I'm working on something where I need to read a (binary) file bit by bit and
do something depending on whether the bit is 0 or 1.
Any help on doing the actual file reading is appreciated.
Thanks in advance
Well, smallest unit you can read is an octet/byte. You then check the
individual digits of the byte using binary masks.
f = open(...)
data = f.read()
for byte in data:
for i in range(8):
bit = 2**i & byte
...
Uli
--
Sator Laser GmbH
Geschäftsführer: Thorsten Föcking, Amtsgericht Hamburg HR B62 932
> I'm working on something where I need to read a (binary) file bit by bit
> and do something depending on whether the bit is 0 or 1.
>
> Any help on doing the actual file reading is appreciated.

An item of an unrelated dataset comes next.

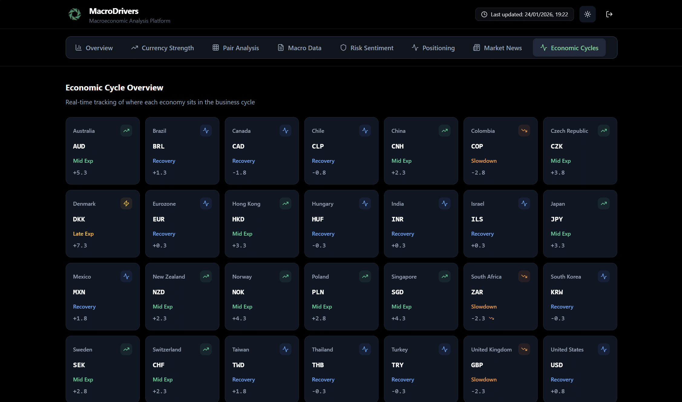 The Cycles Tab offers a unique perspective on the economic health of various countries by categorizing them into different phases of the economic cycle. Understanding where an economy is in its cycle can provide valuable insights into its currency’s potential performance and future policy decisions.
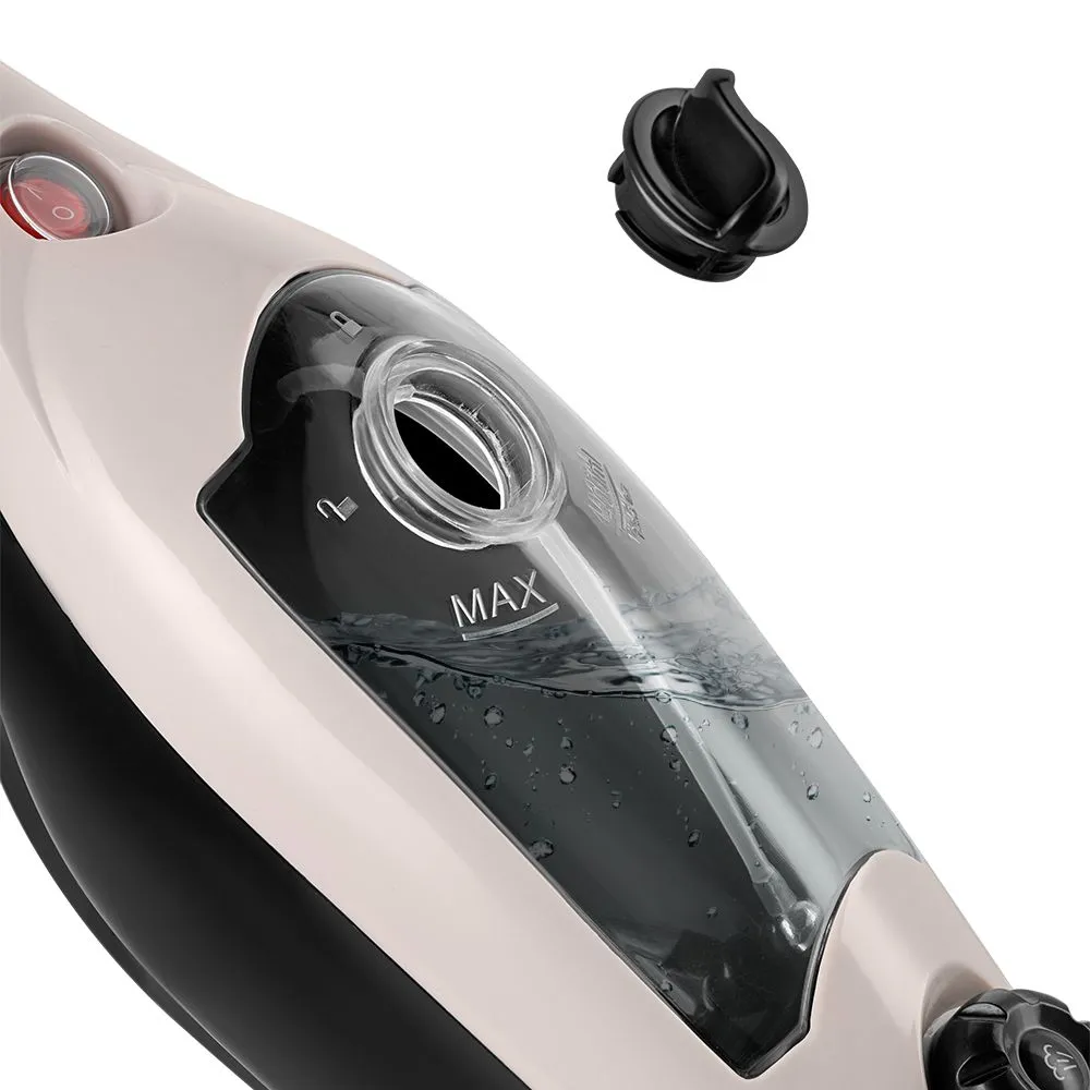 Устройство оснащено съёмным резервуаром для воды ёмкостью 400 мл, что позволяет производить непрерывную уборку до 15-30 минут в зависимости от интенсивности выходящего пара. Для удобного наливания воды в комплекте предусмотрен мерный стакан.

The logical unit in which files are written is the byte. You can split the
bytes into 8 bits...
>>> def bits(f):
... while True:
... b = f.read(1)
... if not b: break
... b = ord(b)
... for i in range(8):
... yield b & 1
... b >>= 1
...
>>> with open("tmp.dat", "wb") as f: # create a file with some example data
... f.write(chr(0b11001010)+chr(0b10101111))
>>> with open("tmp.dat", "rb") as f:
... for bit in bits(f):
... print bit
...
0
1
0
1
0
0
1
1
1
1
1
1
0
1
0
1
but that's a very inefficient approach. If you explain what you are planning
to do we can most certainly come up with a better alternative.
Peter
You're reading those bits backwards. You want to read the most
significant bit of each byte first...
Richard.
Correction: Of course you have to use ord() to get from the single-element
string ("byte" above) to its integral value first.
Of course that depends on the need of the OP?
... byte = f.read(1)
... if not byte: break
... byte = ord(byte)
... for i in reversed(range(8)):
... yield byte >> i & 1
...
>>> with open("tmp.dat", "rb") as f:
... for bit in bits(f):
... print bit,
...
1 1 0 0 1 0 1 0 1 0 1 0 1 1 1 1
> You're reading those bits backwards. You want to read the most
> significant bit of each byte first...
Says who?
There is no universal standard for bit-order.
Among bitmap image formats, XBM is LSB-first while BMP and PBM are
MSB-first. OpenGL reads or writes bitmap data in either order, controlled
by glPixelStorei().
Most serial communication links (e.g. RS-232, ethernet) transmit the LSB
first, although there are exceptions (e.g. I2C uses MSB-first).
Says Python:
>>> bin(192)
'0x11000000'
That said, I totally agree that there is no inherently right way and I guess
Richard was just a smiley or two short in order to have correct markup in
his not-so-serious posting.
:^)
> Nobody wrote:
>> On Mon, 07 Jun 2010 02:31:08 -0700, Richard Thomas wrote:
>>
>>> You're reading those bits backwards. You want to read the most
>>> significant bit of each byte first...
>>
>> Says who?
>
> Says Python:
>
>>>> bin(192)
> '0x11000000'
Hmm, if that's what /your/ Python says, here's mine to counter:
>>> bin(192)
'0_totally_faked_binary_00000011'
;)
Peter
Argh! Of course one of my Pythons says '0b11000000' and not what I mistyped
above.... =(
Uli
*goes and hides under a stone*
mine goes like this:
>>> bin(192)
Traceback (most recent call last):
File "<stdin>", line 1, in <module>
NameError: name 'bin' is not defined
Yep, one of mine, too. The "bin" function was new in 2.6, as were binary
number literals ("0b1100").
Uli
> You're reading those bits backwards. You want to read the most
> significant bit of each byte first...
Can you explain the reasoning behind that assertion?
--
Grant Edwards grant.b.edwards Yow! I can't decide which
at WRONG TURN to make first!!
gmail.com I wonder if BOB GUCCIONE
has these problems!
In Py3 (OP did not specify), a binary file is read as bytes, which is a
sequence of ints, and one would have to not use ord() ;=)
tjr
Hi,
Have you looked at the numpy libraries?
It would be very easy to do...
import numpy as np
f = open("something.bin", "rb")
data = np.fromfile(f, np.uint8)
data = np.where(data == 0, data * 5, data)
So in this example I am just saying if data = 0, multiply by 5. This
saves the need for slow loops as well.
Mart.